» **Exercise directions**
Please write out the whole listing that follows exactly; the pictures stay out.

» **Supplied material**
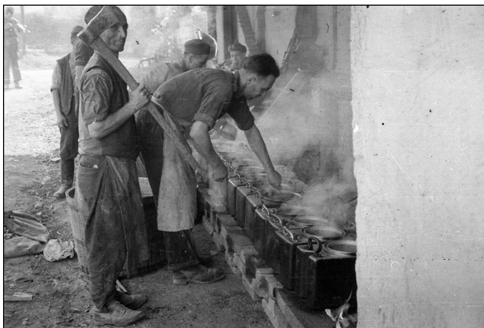
Kuhinja Cankarjeve brigade, 21. september 1943
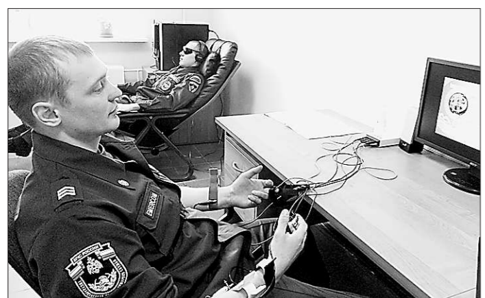
Тестирование уровня самочувствия и психологическая реабилитация сотрудников МЧС в Уральском филиале ЦЭПП.
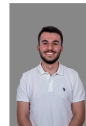
Kerem Kundenberatung und Strategische Beratung

» **Finished task**
Kuhinja Cankarjeve brigade, 21. september 1943
Тестирование уровня самочувствия и психологическая реабилитация сотрудников МЧС в Уральском филиале ЦЭПП.
Kerem Kundenberatung und Strategische Beratung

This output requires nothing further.